*** DATA LISTING ***

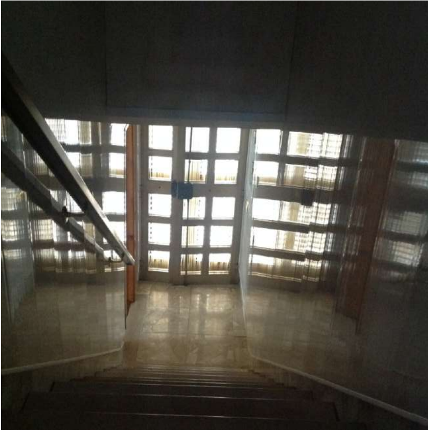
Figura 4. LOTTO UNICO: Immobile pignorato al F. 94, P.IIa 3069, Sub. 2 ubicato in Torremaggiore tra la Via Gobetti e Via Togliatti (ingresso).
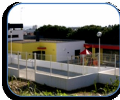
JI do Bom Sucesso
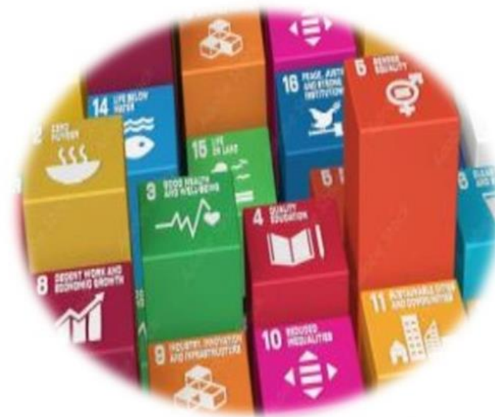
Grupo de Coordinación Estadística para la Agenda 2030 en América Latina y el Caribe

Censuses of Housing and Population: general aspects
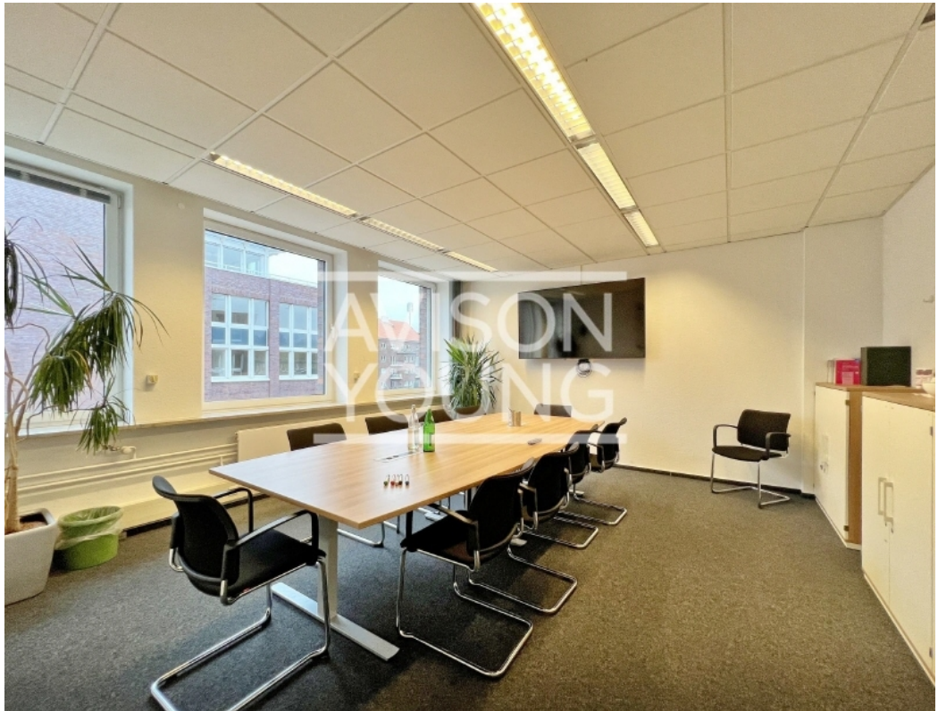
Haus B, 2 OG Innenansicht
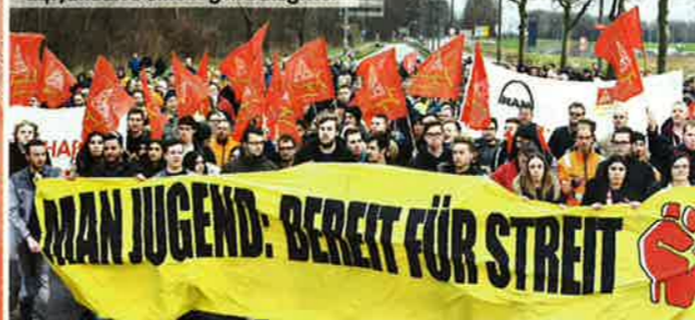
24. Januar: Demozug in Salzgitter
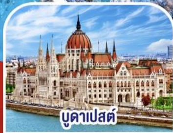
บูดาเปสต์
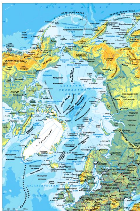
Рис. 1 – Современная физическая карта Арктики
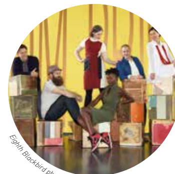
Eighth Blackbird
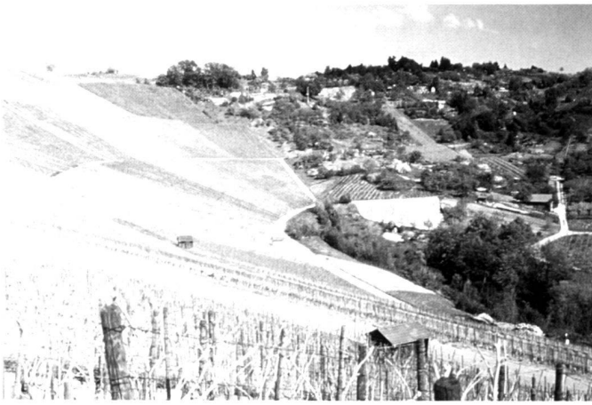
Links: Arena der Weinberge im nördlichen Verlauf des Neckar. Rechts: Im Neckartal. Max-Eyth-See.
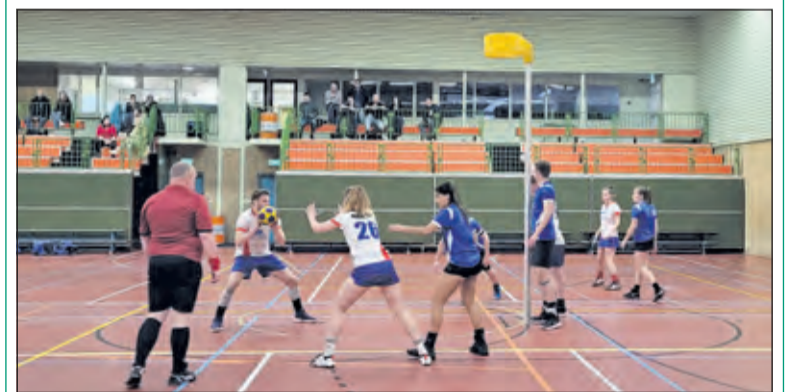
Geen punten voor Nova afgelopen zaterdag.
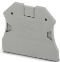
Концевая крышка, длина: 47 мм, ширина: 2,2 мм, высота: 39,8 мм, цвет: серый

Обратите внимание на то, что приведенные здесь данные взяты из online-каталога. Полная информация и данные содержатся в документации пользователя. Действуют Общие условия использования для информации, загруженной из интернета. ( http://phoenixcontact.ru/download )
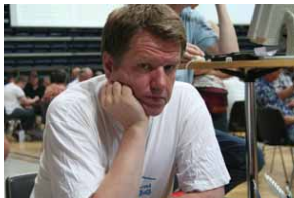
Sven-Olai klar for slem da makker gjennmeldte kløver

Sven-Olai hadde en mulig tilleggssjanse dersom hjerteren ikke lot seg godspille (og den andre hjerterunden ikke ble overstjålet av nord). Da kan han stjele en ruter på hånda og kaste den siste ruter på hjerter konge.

*** End of DATA LISTING ***
*** DATA LISTING ***

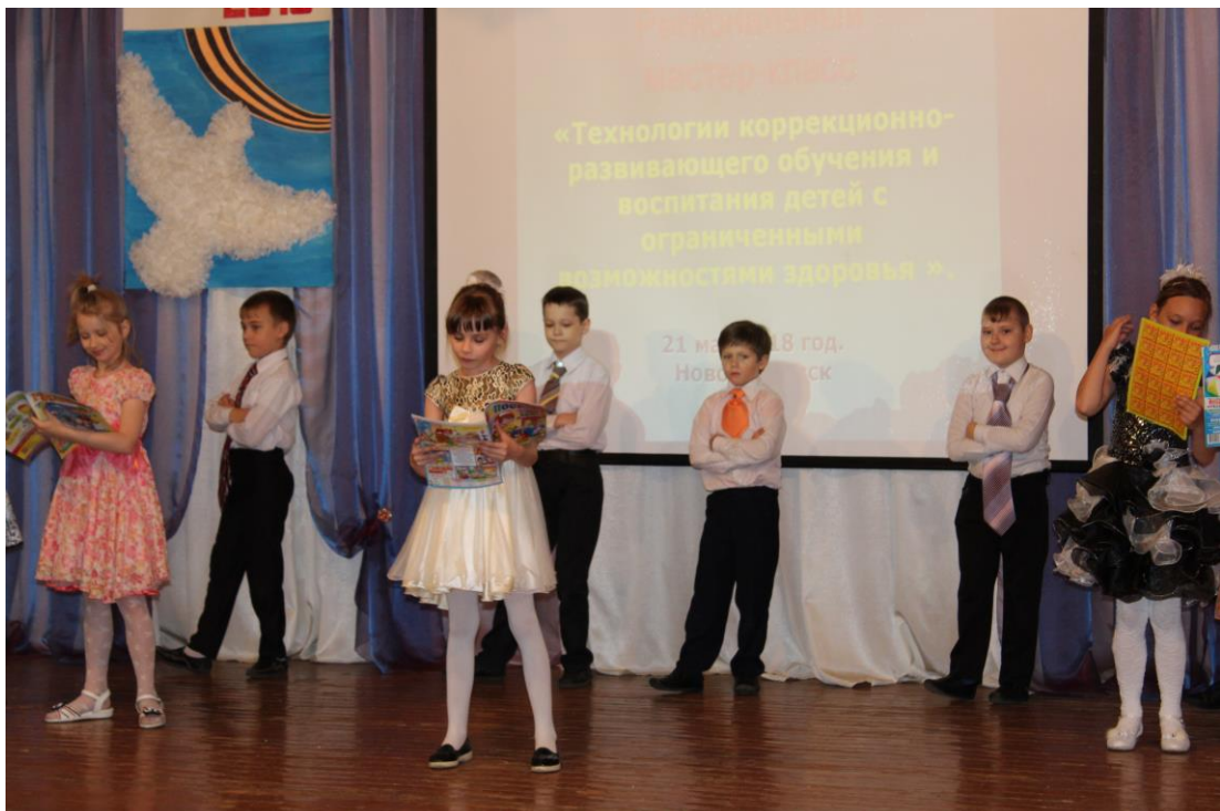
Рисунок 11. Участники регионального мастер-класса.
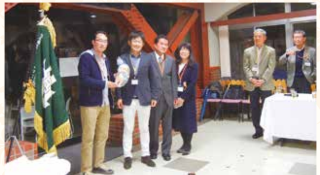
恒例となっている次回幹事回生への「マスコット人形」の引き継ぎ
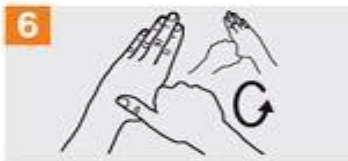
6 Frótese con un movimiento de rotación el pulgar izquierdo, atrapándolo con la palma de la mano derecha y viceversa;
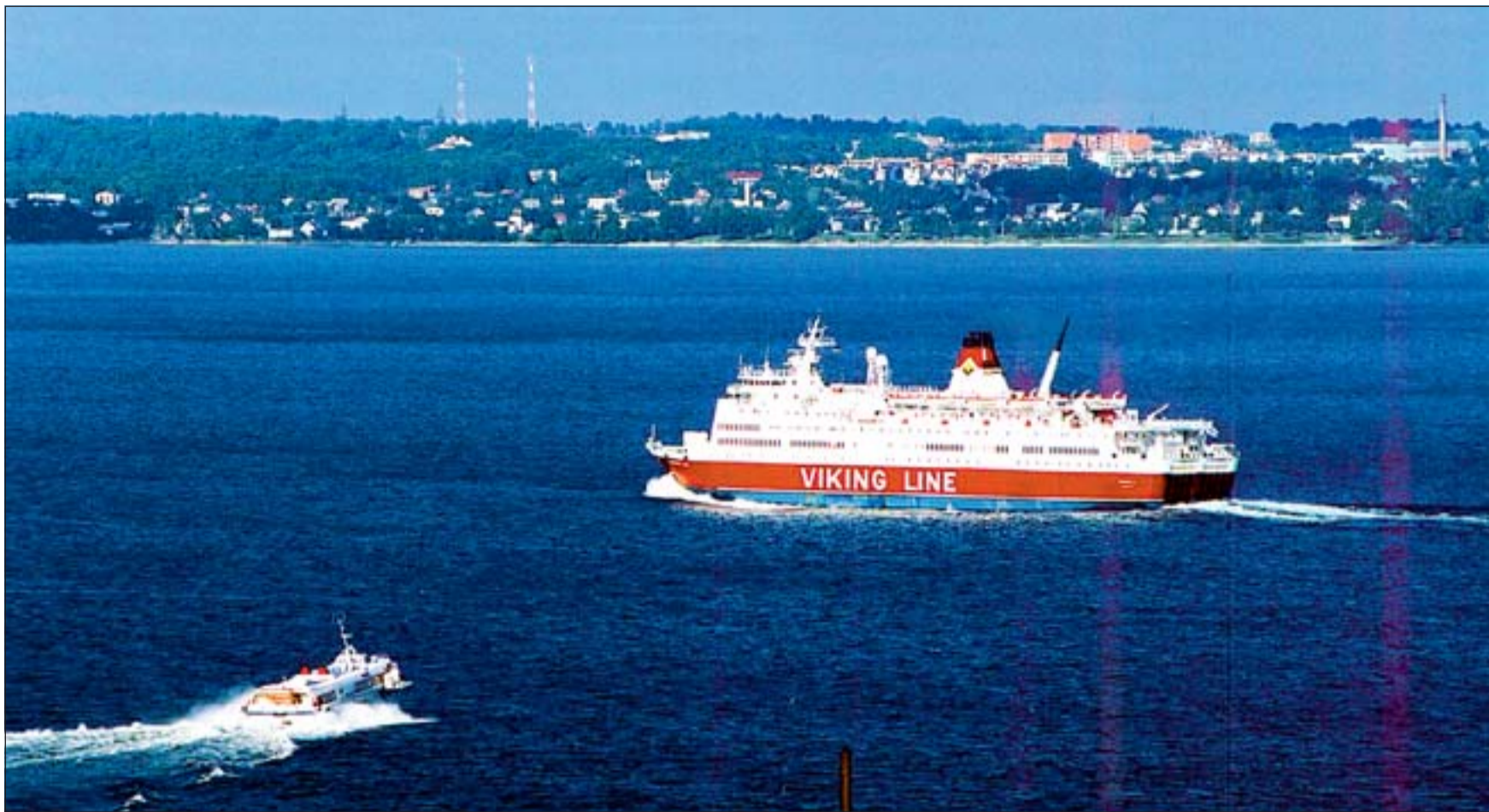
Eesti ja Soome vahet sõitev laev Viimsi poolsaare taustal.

*** End of DATA LISTING ***

TASK BRIEF
The string "Olai" may appear in the entries. Say how many lines contain it, as a bare number.

RESULT
2